### [DIRECTIONS]
Every line from the one with "Alin Toșca a" up to and including the one with "0CM厚底防水台v口短靴复古风松糕底西部靴百搭坡跟高跟时单鞋女" is to be output exactly as it appears below; pictures are not.

PROVIDED DATA: Begin

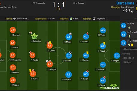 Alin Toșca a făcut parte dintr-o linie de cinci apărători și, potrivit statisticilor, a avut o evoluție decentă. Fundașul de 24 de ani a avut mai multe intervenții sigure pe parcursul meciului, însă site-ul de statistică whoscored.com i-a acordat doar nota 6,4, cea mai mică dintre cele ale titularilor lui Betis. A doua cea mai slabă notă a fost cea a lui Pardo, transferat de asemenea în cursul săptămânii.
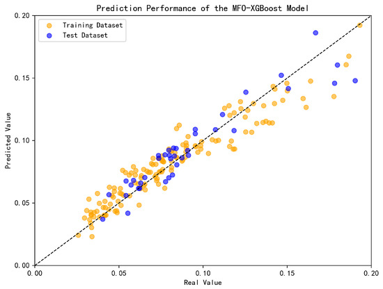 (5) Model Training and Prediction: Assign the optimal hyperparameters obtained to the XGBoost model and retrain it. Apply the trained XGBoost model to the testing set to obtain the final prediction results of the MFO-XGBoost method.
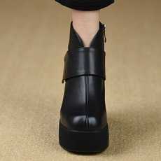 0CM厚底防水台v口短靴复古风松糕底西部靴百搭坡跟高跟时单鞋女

PROVIDED DATA: End
PROVIDED DATA: Begin

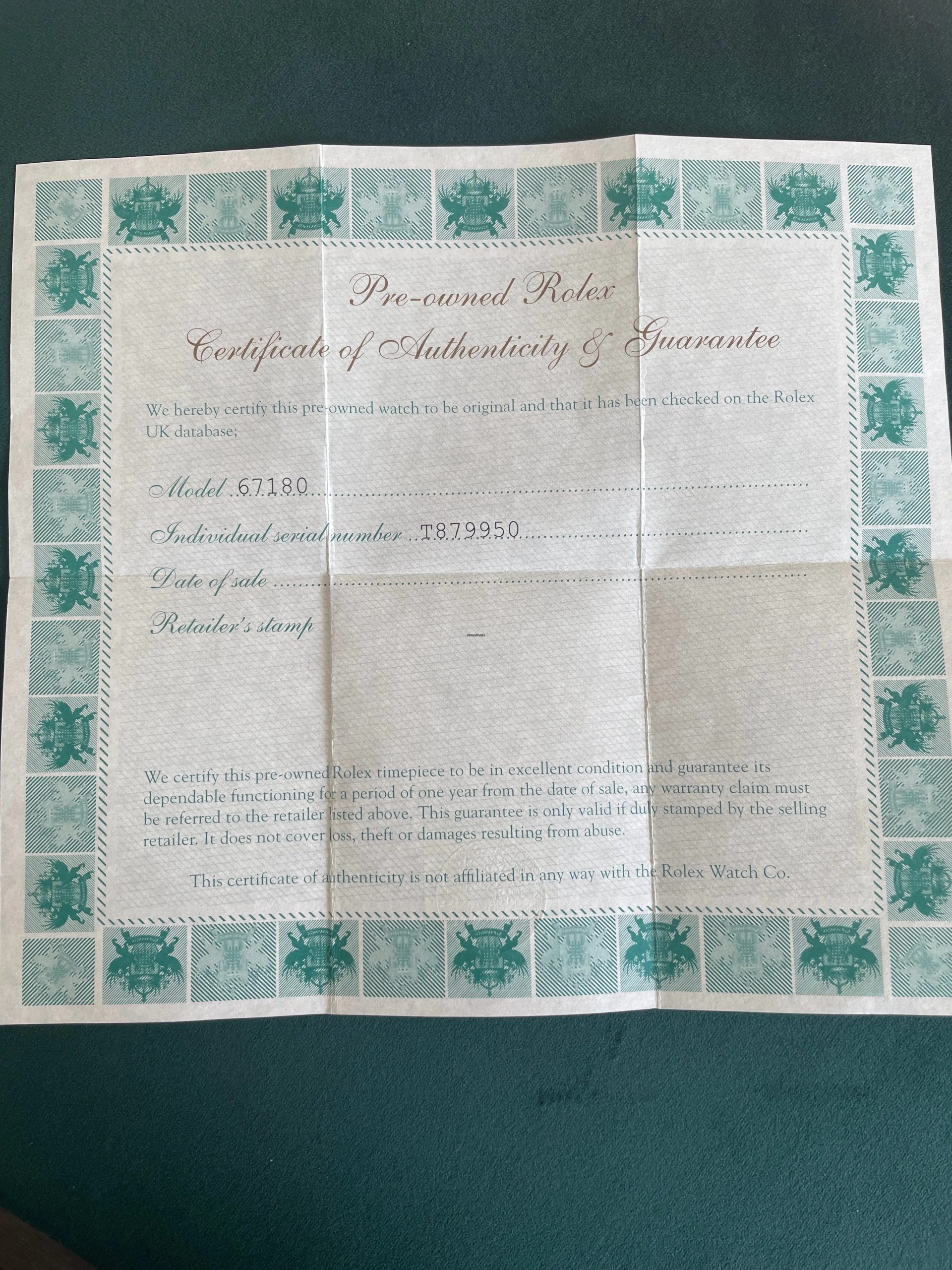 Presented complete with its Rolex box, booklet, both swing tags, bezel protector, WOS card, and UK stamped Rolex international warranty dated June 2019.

PROVIDED DATA: End
PROVIDED DATA: Begin

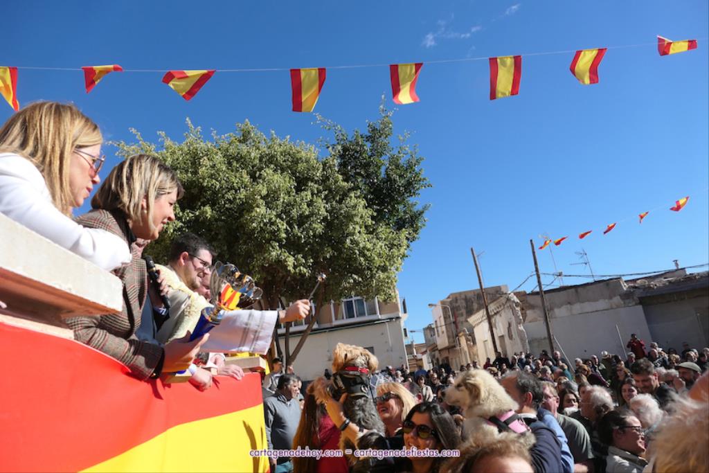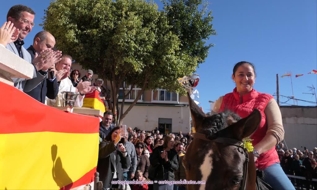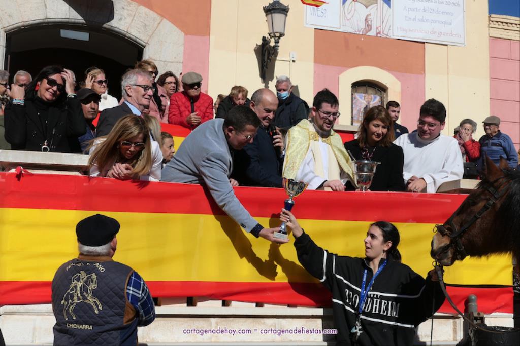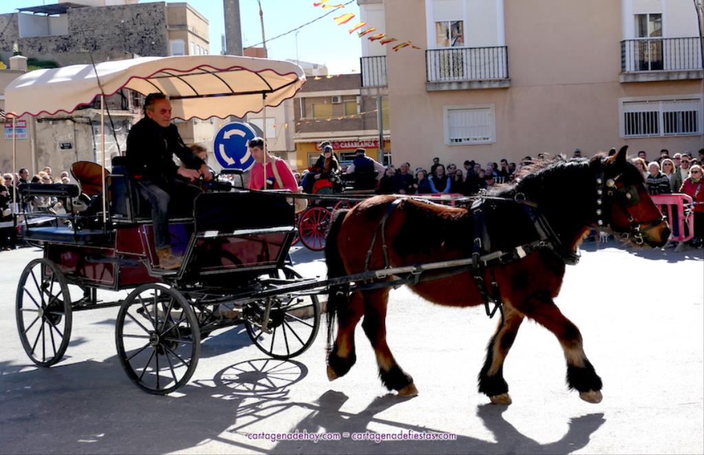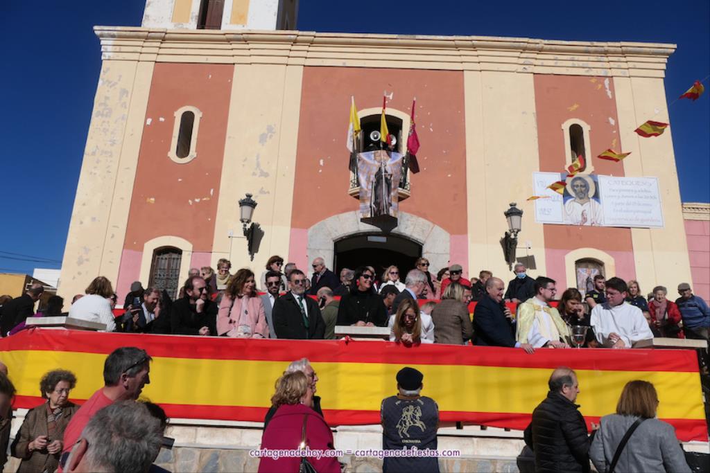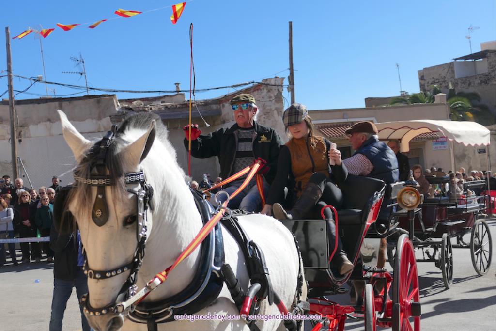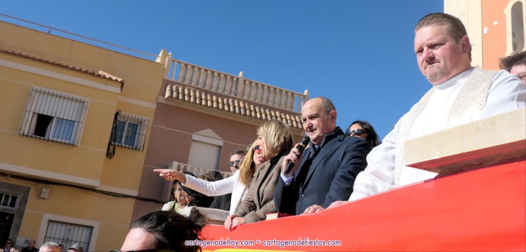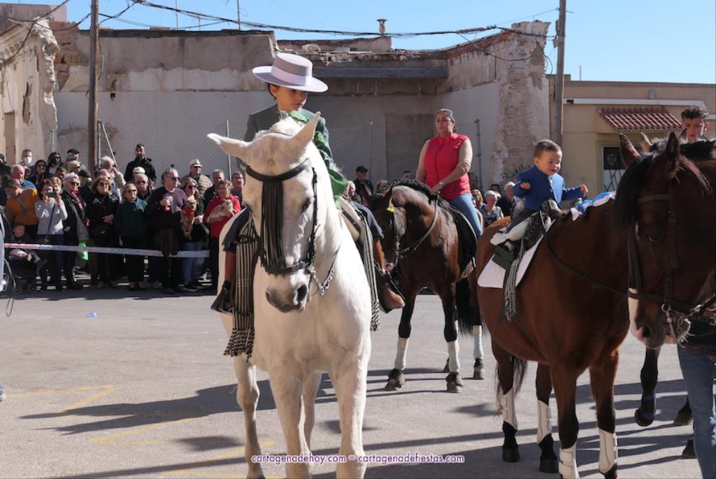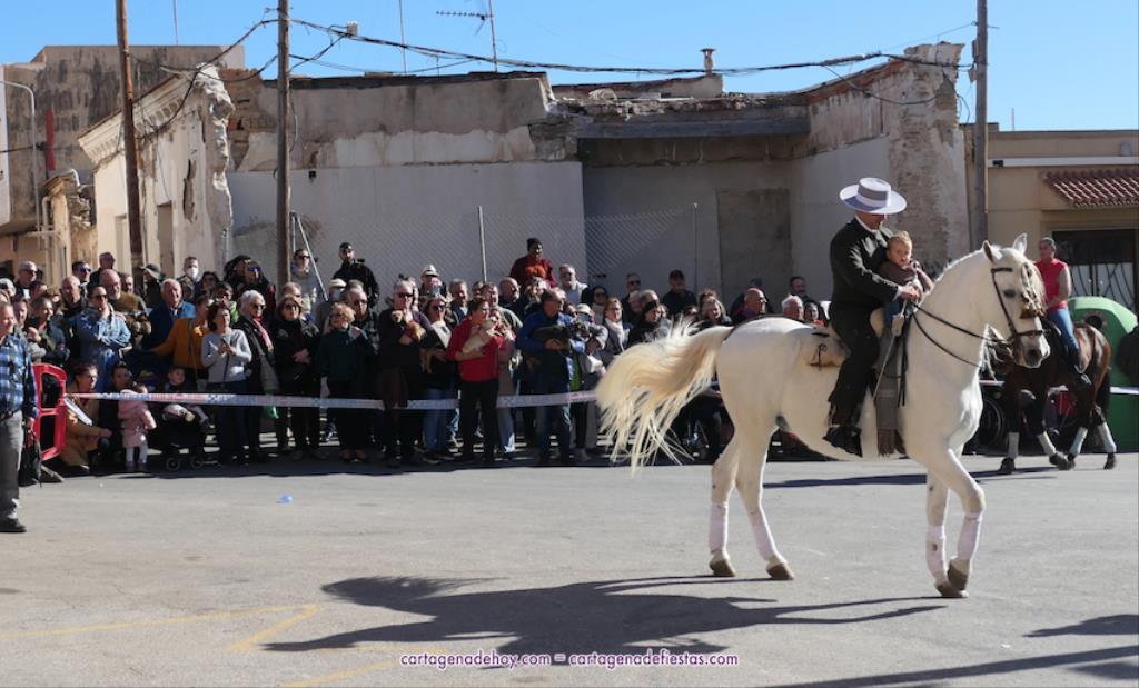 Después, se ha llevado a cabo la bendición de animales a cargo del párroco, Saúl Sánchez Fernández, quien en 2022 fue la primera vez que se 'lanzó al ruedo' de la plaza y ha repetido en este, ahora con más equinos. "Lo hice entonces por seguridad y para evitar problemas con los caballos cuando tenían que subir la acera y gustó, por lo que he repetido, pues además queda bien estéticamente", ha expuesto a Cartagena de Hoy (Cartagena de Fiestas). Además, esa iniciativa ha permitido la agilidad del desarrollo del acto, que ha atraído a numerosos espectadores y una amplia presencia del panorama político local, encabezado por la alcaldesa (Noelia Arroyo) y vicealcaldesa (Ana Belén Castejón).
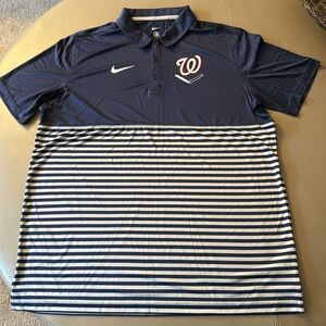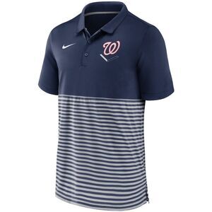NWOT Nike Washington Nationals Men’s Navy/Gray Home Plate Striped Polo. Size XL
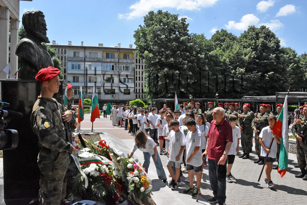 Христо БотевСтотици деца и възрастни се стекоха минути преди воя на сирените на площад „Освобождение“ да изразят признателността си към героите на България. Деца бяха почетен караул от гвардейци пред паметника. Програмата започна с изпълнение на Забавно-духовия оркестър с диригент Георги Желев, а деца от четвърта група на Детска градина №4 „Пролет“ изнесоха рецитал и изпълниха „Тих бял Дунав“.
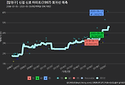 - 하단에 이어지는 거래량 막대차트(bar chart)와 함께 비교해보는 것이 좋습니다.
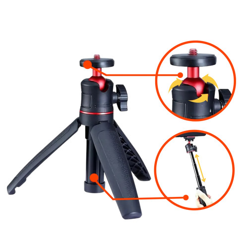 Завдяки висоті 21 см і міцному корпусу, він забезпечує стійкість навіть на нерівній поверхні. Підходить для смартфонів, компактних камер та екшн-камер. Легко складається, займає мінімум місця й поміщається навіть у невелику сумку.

PROVIDED DATA: End

### [THE ANSWER]
 Alin Toșca a făcut parte dintr-o linie de cinci apărători și, potrivit statisticilor, a avut o evoluție decentă. Fundașul de 24 de ani a avut mai multe intervenții sigure pe parcursul meciului, însă site-ul de statistică whoscored.com i-a acordat doar nota 6,4, cea mai mică dintre cele ale titularilor lui Betis. A doua cea mai slabă notă a fost cea a lui Pardo, transferat de asemenea în cursul săptămânii.
 (5) Model Training and Prediction: Assign the optimal hyperparameters obtained to the XGBoost model and retrain it. Apply the trained XGBoost model to the testing set to obtain the final prediction results of the MFO-XGBoost method.
 0CM厚底防水台v口短靴复古风松糕底西部靴百搭坡跟高跟时单鞋女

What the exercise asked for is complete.